▶ _EXCERPTED RECORDS_:
#####
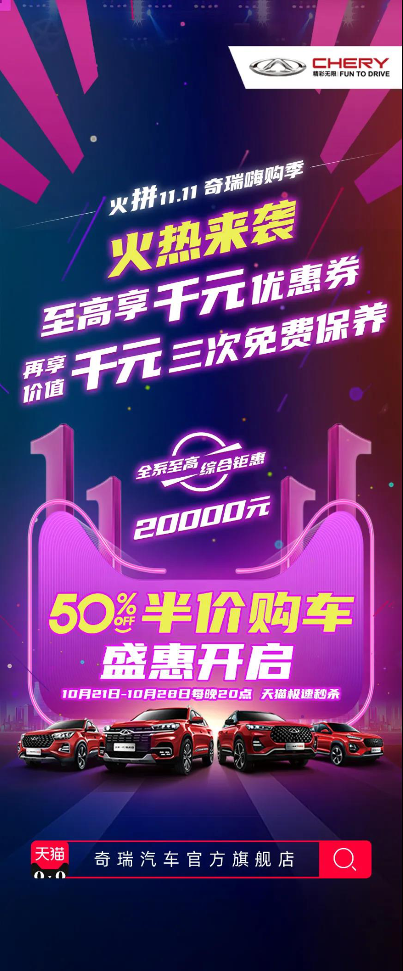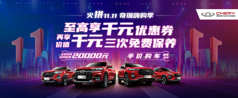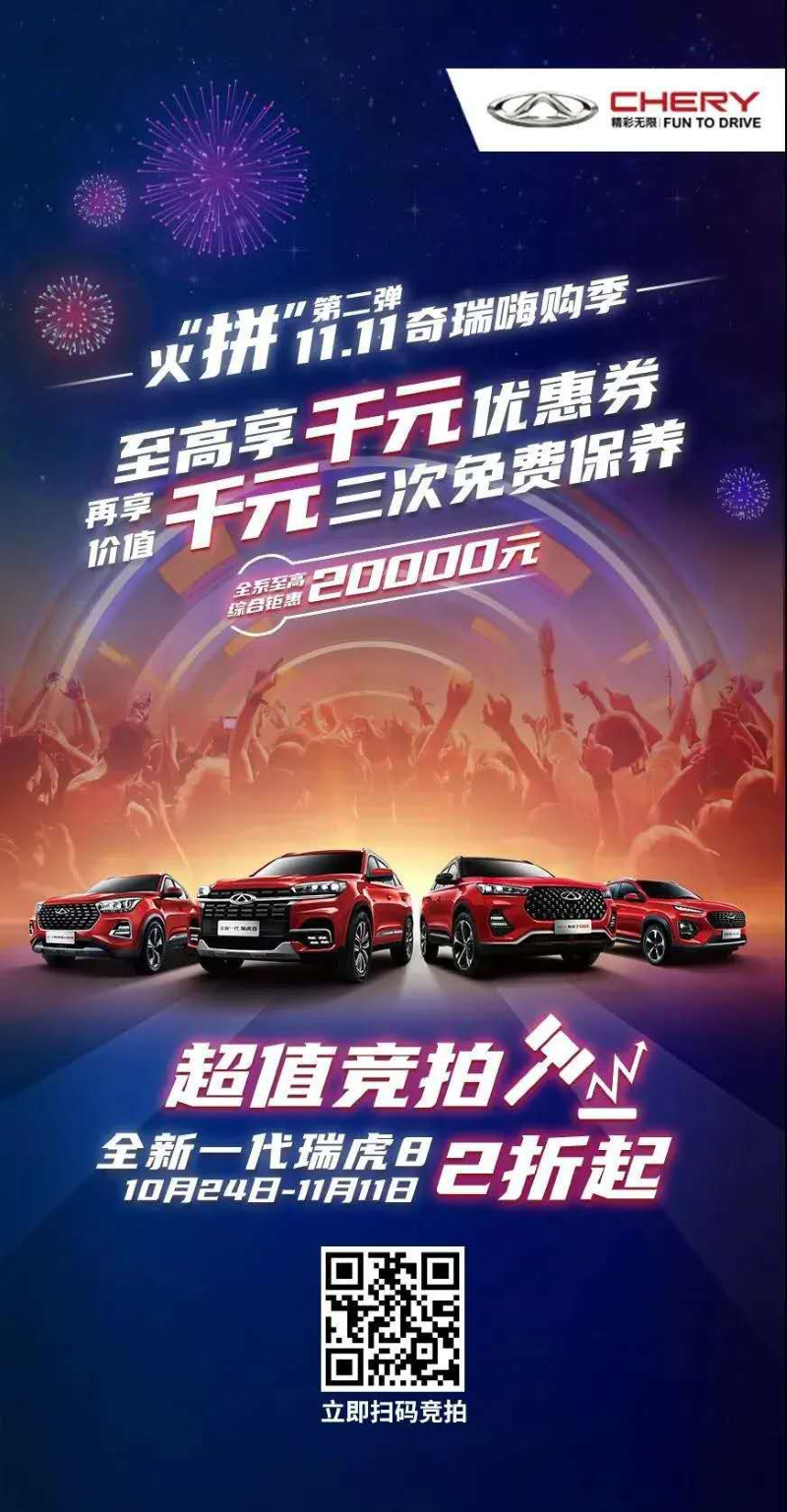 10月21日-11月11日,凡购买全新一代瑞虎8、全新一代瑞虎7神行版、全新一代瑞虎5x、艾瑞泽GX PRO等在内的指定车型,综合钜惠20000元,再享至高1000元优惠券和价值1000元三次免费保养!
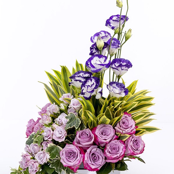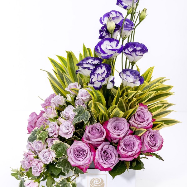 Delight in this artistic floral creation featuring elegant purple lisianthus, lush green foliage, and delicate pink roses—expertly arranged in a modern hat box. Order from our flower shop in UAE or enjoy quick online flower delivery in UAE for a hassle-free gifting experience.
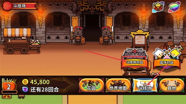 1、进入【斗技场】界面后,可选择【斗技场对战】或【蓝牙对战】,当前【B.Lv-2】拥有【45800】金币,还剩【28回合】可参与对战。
#####
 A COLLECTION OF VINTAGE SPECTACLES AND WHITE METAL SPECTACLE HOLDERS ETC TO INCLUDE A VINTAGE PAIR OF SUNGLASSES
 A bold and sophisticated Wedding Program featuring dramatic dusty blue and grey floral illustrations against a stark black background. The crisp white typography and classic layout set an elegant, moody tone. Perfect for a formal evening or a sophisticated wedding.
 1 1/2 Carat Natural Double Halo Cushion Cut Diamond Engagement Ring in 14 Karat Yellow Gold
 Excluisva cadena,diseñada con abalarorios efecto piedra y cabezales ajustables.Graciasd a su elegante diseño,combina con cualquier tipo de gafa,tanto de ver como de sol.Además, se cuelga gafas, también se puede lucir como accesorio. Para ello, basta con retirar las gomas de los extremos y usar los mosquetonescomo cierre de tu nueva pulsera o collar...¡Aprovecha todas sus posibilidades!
#####
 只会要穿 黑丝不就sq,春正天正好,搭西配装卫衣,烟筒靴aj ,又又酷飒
#####
▶ _WORK ORDER_: Go to the line above that has "10月21日-11月11日,凡购买全新一" and copy exactly from there down to the line that has "1、进入【斗技场】界面后,可", both included. Leave the pictures out.

▶ _WRITTEN SOLUTION_:
 10月21日-11月11日,凡购买全新一代瑞虎8、全新一代瑞虎7神行版、全新一代瑞虎5x、艾瑞泽GX PRO等在内的指定车型,综合钜惠20000元,再享至高1000元优惠券和价值1000元三次免费保养!
 Delight in this artistic floral creation featuring elegant purple lisianthus, lush green foliage, and delicate pink roses—expertly arranged in a modern hat box. Order from our flower shop in UAE or enjoy quick online flower delivery in UAE for a hassle-free gifting experience.
 1、进入【斗技场】界面后,可选择【斗技场对战】或【蓝牙对战】,当前【B.Lv-2】拥有【45800】金币,还剩【28回合】可参与对战。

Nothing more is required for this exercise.